* [Required work]: Because the images are not wanted, restate every line below word for word without them.

Stored data
────────────────────

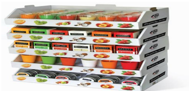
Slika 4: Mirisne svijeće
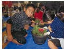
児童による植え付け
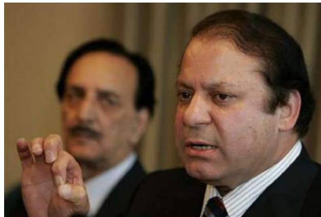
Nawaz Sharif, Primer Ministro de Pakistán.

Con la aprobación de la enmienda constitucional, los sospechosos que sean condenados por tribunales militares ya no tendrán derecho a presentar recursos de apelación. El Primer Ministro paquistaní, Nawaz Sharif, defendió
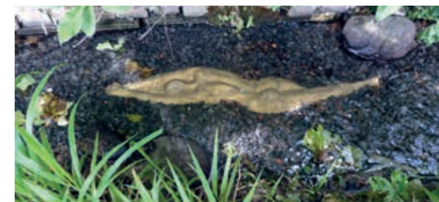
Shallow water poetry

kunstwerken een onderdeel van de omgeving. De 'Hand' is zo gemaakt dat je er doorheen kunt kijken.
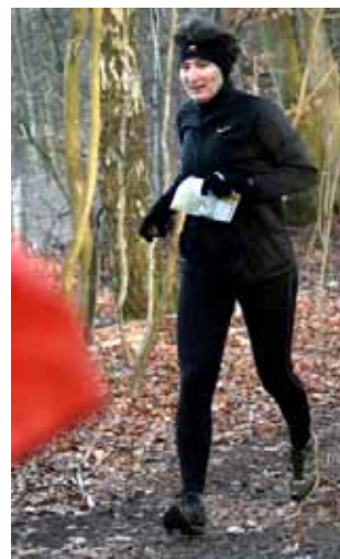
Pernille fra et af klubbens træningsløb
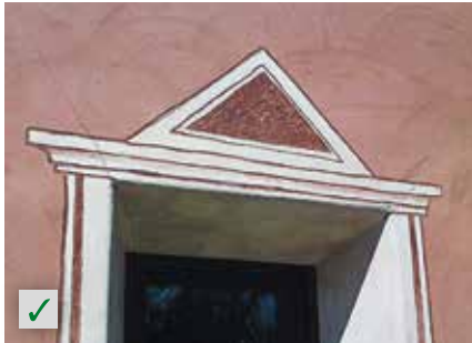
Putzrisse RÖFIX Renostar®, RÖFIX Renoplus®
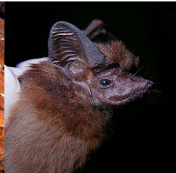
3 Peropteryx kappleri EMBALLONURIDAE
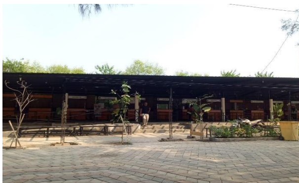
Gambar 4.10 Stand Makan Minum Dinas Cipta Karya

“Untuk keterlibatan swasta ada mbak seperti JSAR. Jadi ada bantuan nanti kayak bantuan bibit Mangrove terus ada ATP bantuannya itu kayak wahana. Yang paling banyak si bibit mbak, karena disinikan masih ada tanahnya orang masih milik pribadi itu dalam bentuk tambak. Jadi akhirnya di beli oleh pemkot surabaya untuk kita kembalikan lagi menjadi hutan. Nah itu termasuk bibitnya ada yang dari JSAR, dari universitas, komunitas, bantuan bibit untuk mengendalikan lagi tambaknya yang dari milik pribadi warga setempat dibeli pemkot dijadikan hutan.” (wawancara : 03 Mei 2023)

────────────────────

* [Written solution]:
Slika 4: Mirisne svijeće
児童による植え付け
Nawaz Sharif, Primer Ministro de Pakistán.

Con la aprobación de la enmienda constitucional, los sospechosos que sean condenados por tribunales militares ya no tendrán derecho a presentar recursos de apelación. El Primer Ministro paquistaní, Nawaz Sharif, defendió
Shallow water poetry

kunstwerken een onderdeel van de omgeving. De 'Hand' is zo gemaakt dat je er doorheen kunt kijken.
Pernille fra et af klubbens træningsløb
Putzrisse RÖFIX Renostar®, RÖFIX Renoplus®
3 Peropteryx kappleri EMBALLONURIDAE
Gambar 4.10 Stand Makan Minum Dinas Cipta Karya

“Untuk keterlibatan swasta ada mbak seperti JSAR. Jadi ada bantuan nanti kayak bantuan bibit Mangrove terus ada ATP bantuannya itu kayak wahana. Yang paling banyak si bibit mbak, karena disinikan masih ada tanahnya orang masih milik pribadi itu dalam bentuk tambak. Jadi akhirnya di beli oleh pemkot surabaya untuk kita kembalikan lagi menjadi hutan. Nah itu termasuk bibitnya ada yang dari JSAR, dari universitas, komunitas, bantuan bibit untuk mengendalikan lagi tambaknya yang dari milik pribadi warga setempat dibeli pemkot dijadikan hutan.” (wawancara : 03 Mei 2023)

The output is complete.